As used herein, the term “about” means that dimensions, sizes, formulations, parameters, shapes and other quantities and characteristics are not and need not be exact, but may be approximate and/or larger or smaller, as desired, reflecting tolerances, conversion factors, rounding off, measurement error and the like, and other factors known to those of skill in the art. In general, a dimension, size, formulation, parameter, shape or other quantity or characteristic is “about” or “approximate” whether or not expressly stated to be such. It is noted that embodiments of very different sizes, shapes and dimensions may employ the described arrangements.

The term motor drive may be used to refer to the drive motor assembly, the drive motor, the gear assembly, and/or the gear train, and/or any combination thereof, including a direct drive configuration. Further, the terms opening or holes or recesses may be used to refer to particular openings or holes or recesses or to refer to a cavity or space defined in or by one or more parts of actuator 100, e.g., a cavity 202 and/or an opening 302, or to a combination thereof.

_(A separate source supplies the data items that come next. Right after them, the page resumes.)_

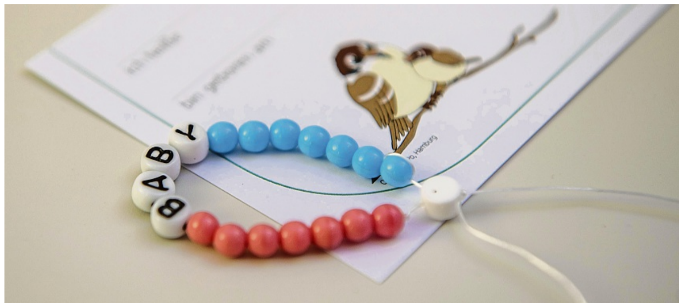
Offt gar nicht so einfach: Die Frage, welchen Namen das Kind für den Rest seines Lebens tragen soll, treibt viele werdende Eltern um.

Ein Vorname kann noch so schön sein, wenn er in der
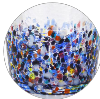
夏の夜空に灯る祭りの情景を表現
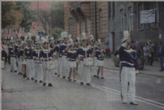
Nie zabrakło także Orkiestry Dętej „Helikon”.

The term barrel as used herein includes the various parts that comprise barrel 200, e.g., including barrel tube 220, rod end gland fitting 230 and/or head end cap 510, and may refer to any of such parts individually as well as to the barrel assembly 200. For example, the plural recesses 202 that receive lock segments 810 are in barrel 200, but those plural recesses may physically be formed in or defined by barrel tube 220, by rod end gland fitting 230 and/or by head end cap 510, individually or in combination, depending upon the location or locations at which it is desired that ball nut 620 engage piston rod 300 in a locked relationship with barrel 200, e.g., be that fully extended and/or partially extended, and/or retracted, whereat the loads borne by actuator 100 between end lugs 210, 310 are carried by barrel 200 and piston rod 300, and not by ball screw 610 and ball nut 620.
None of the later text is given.